◆ WHAT IS NEEDED: Your task is to retype, exactly and without pictures, the line holding "2.1栽培方式對(duì)生" and each line that follows it to the end of the entries.

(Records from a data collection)
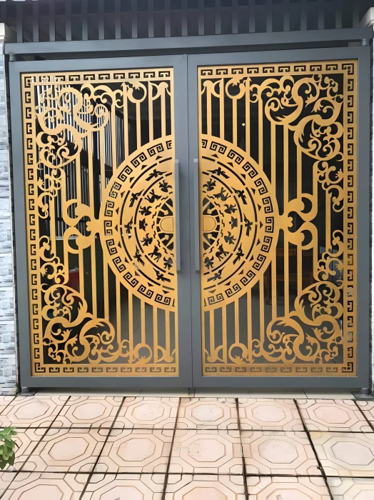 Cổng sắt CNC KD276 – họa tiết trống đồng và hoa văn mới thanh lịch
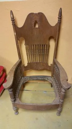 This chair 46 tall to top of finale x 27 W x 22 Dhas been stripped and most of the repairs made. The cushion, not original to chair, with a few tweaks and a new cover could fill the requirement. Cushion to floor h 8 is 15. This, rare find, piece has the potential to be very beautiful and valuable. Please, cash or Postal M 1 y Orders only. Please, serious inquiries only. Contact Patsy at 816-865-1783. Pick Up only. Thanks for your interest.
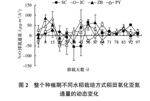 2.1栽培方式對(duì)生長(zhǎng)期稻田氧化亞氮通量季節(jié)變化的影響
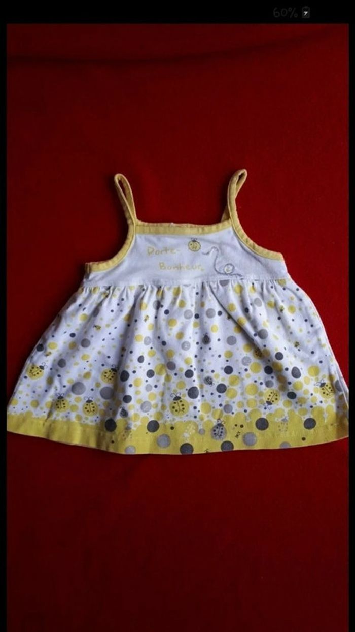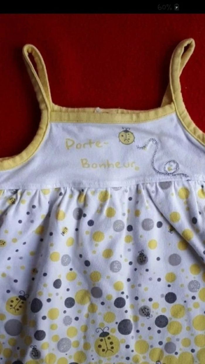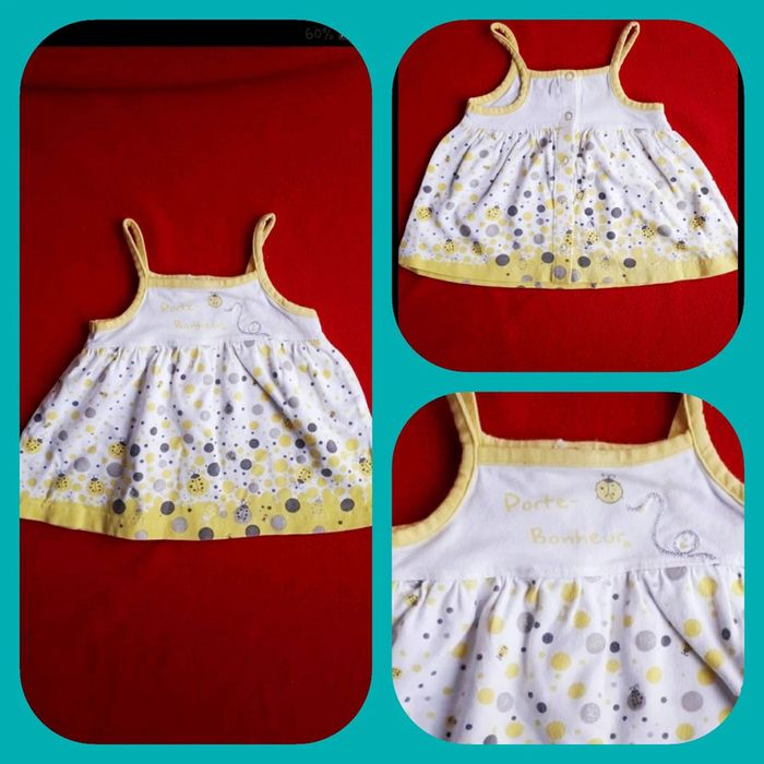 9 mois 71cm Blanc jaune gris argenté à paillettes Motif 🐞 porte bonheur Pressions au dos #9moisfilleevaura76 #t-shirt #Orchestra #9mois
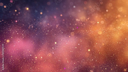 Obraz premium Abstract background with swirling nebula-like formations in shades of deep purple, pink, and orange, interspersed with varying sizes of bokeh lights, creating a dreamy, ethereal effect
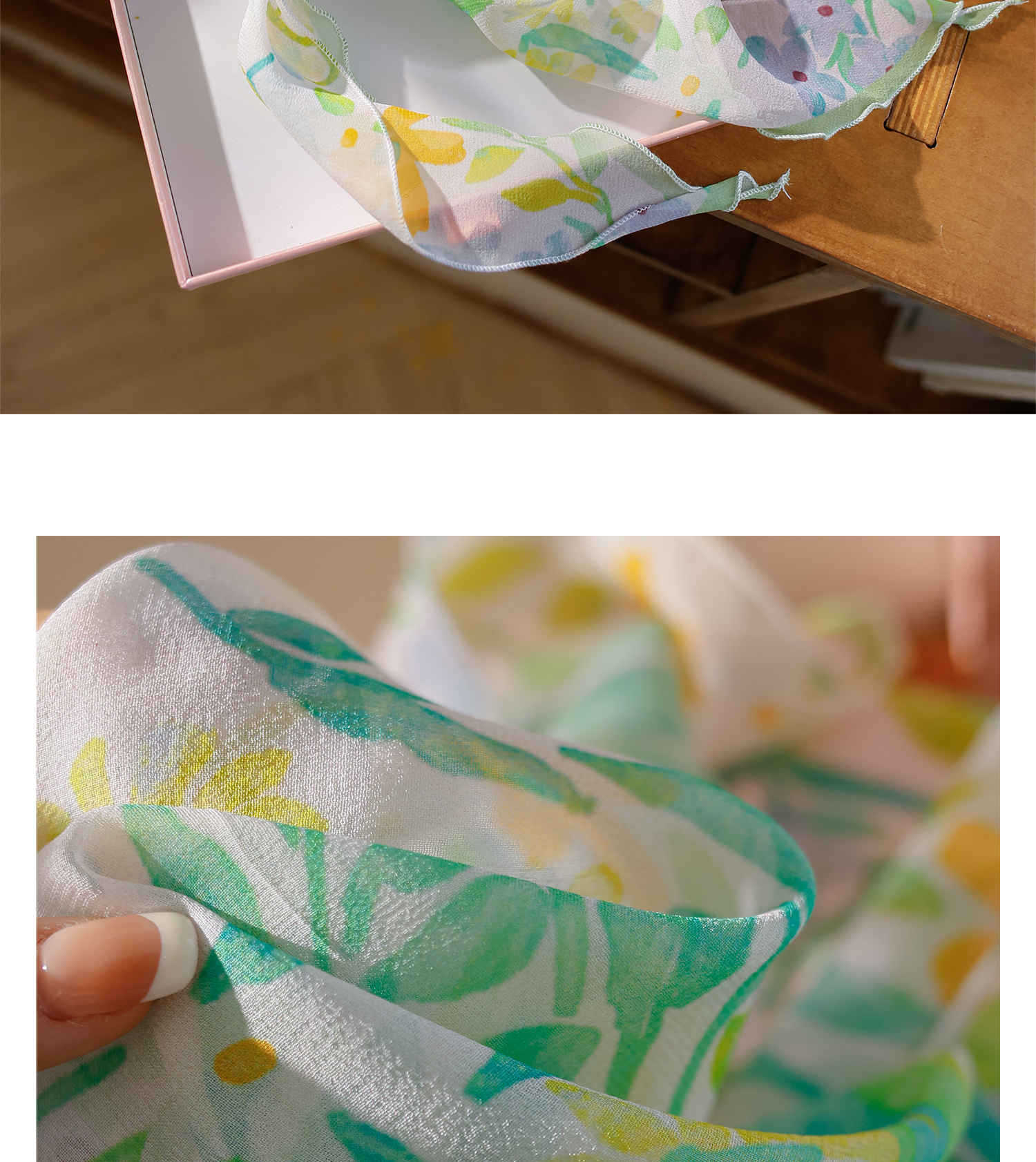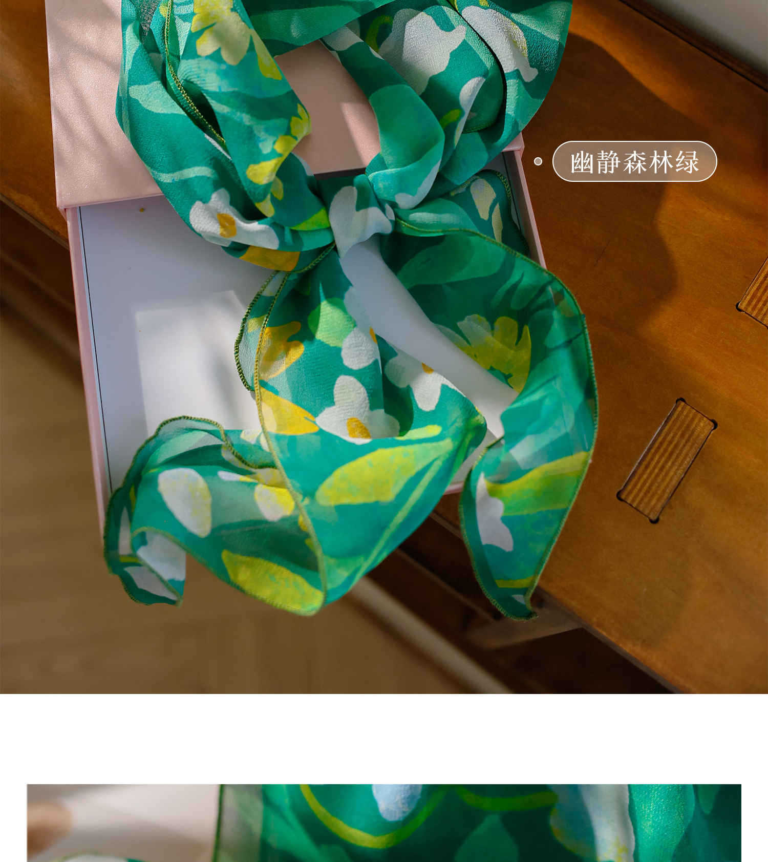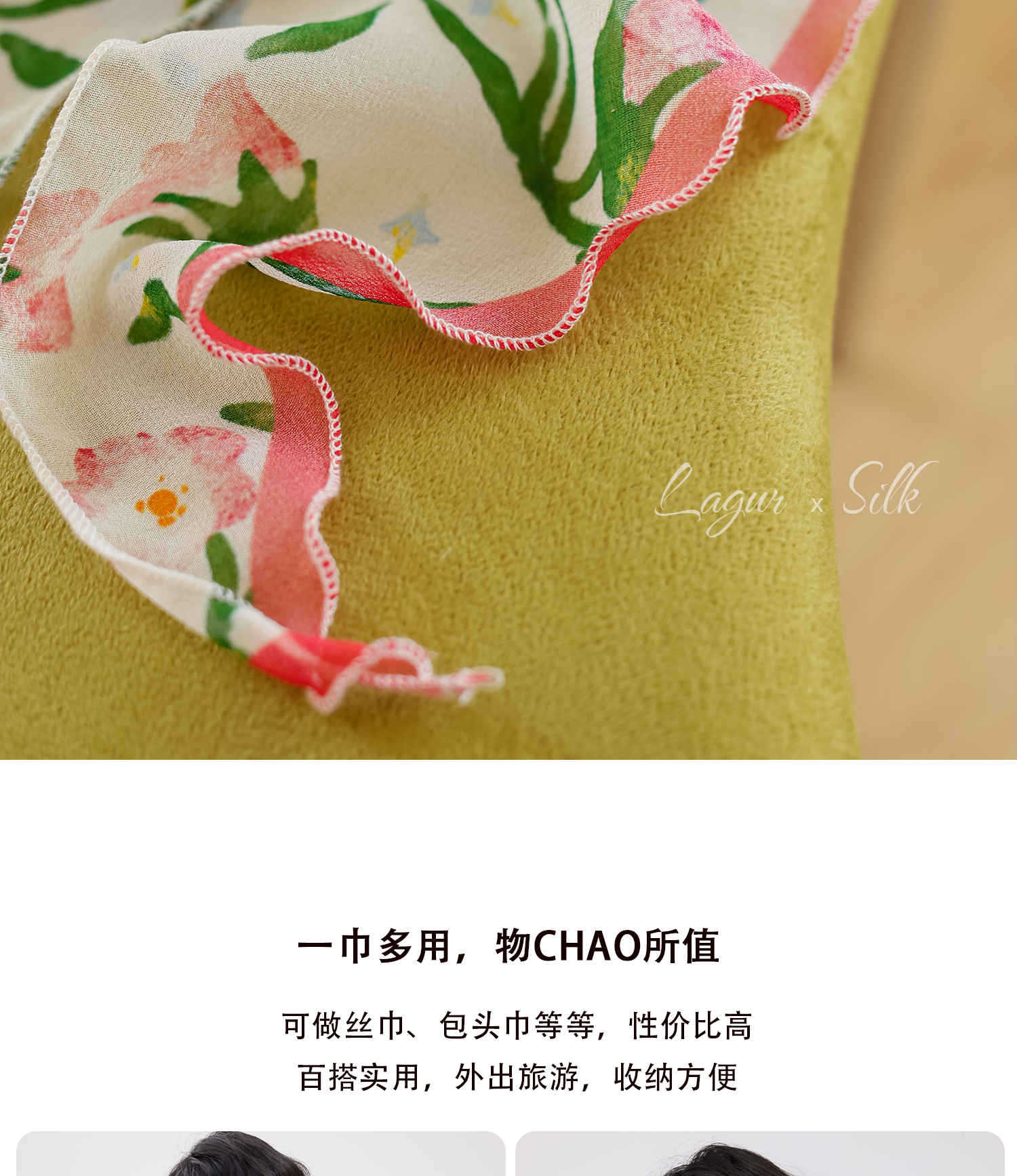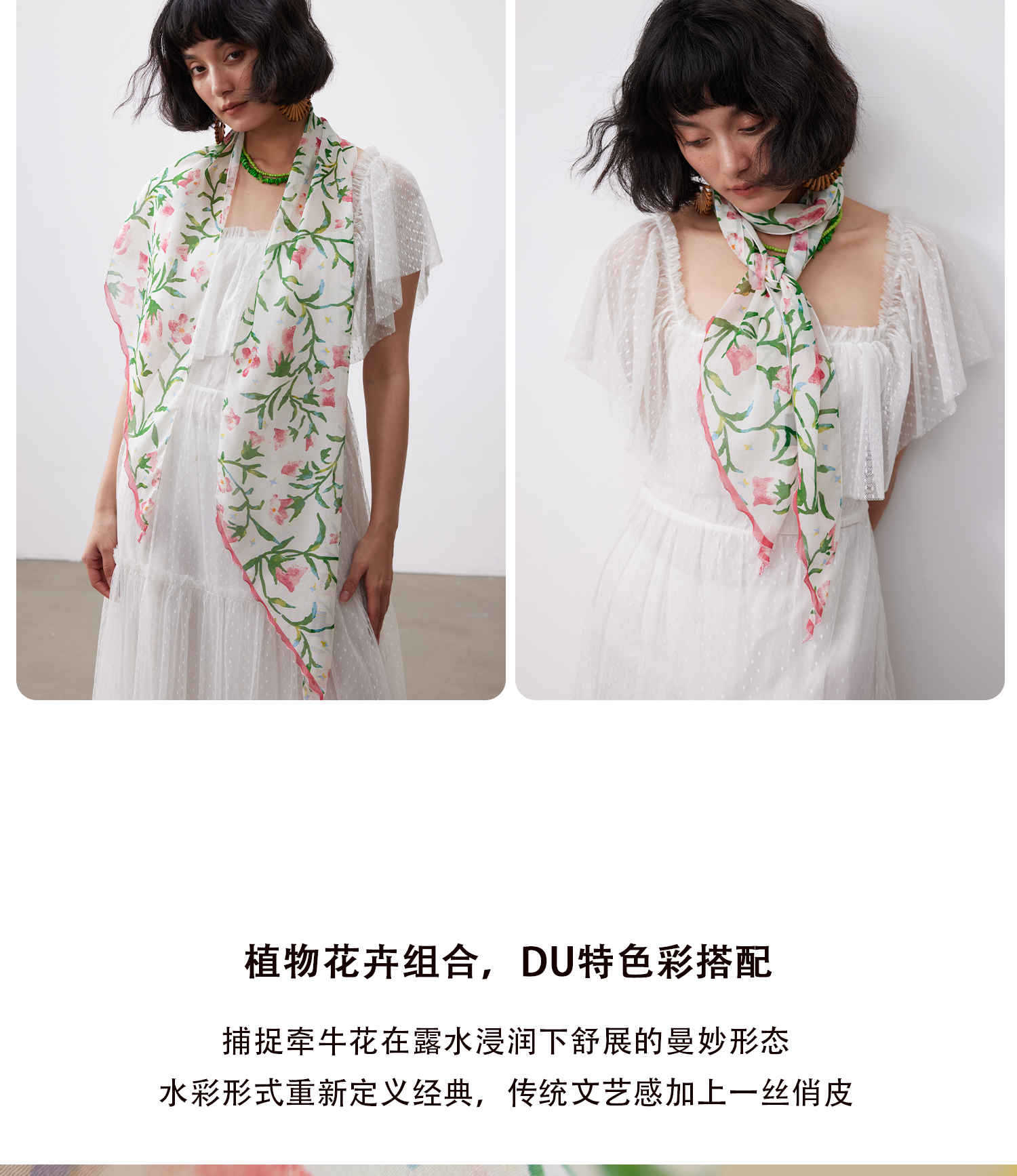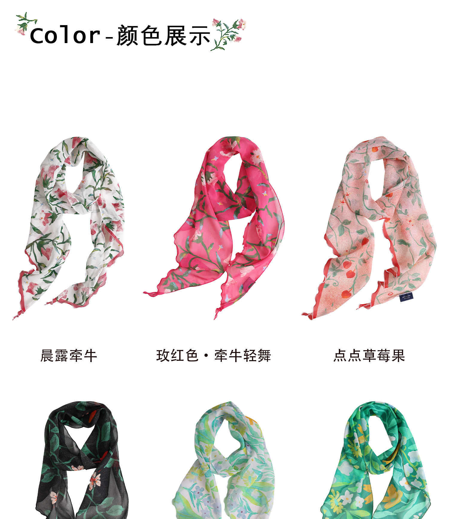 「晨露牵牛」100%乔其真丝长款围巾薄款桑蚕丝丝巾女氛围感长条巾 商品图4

◆ REPLY TO THE TASK:
 2.1栽培方式對(duì)生長(zhǎng)期稻田氧化亞氮通量季節(jié)變化的影響
 9 mois 71cm Blanc jaune gris argenté à paillettes Motif 🐞 porte bonheur Pressions au dos #9moisfilleevaura76 #t-shirt #Orchestra #9mois
 Obraz premium Abstract background with swirling nebula-like formations in shades of deep purple, pink, and orange, interspersed with varying sizes of bokeh lights, creating a dreamy, ethereal effect
 「晨露牵牛」100%乔其真丝长款围巾薄款桑蚕丝丝巾女氛围感长条巾 商品图4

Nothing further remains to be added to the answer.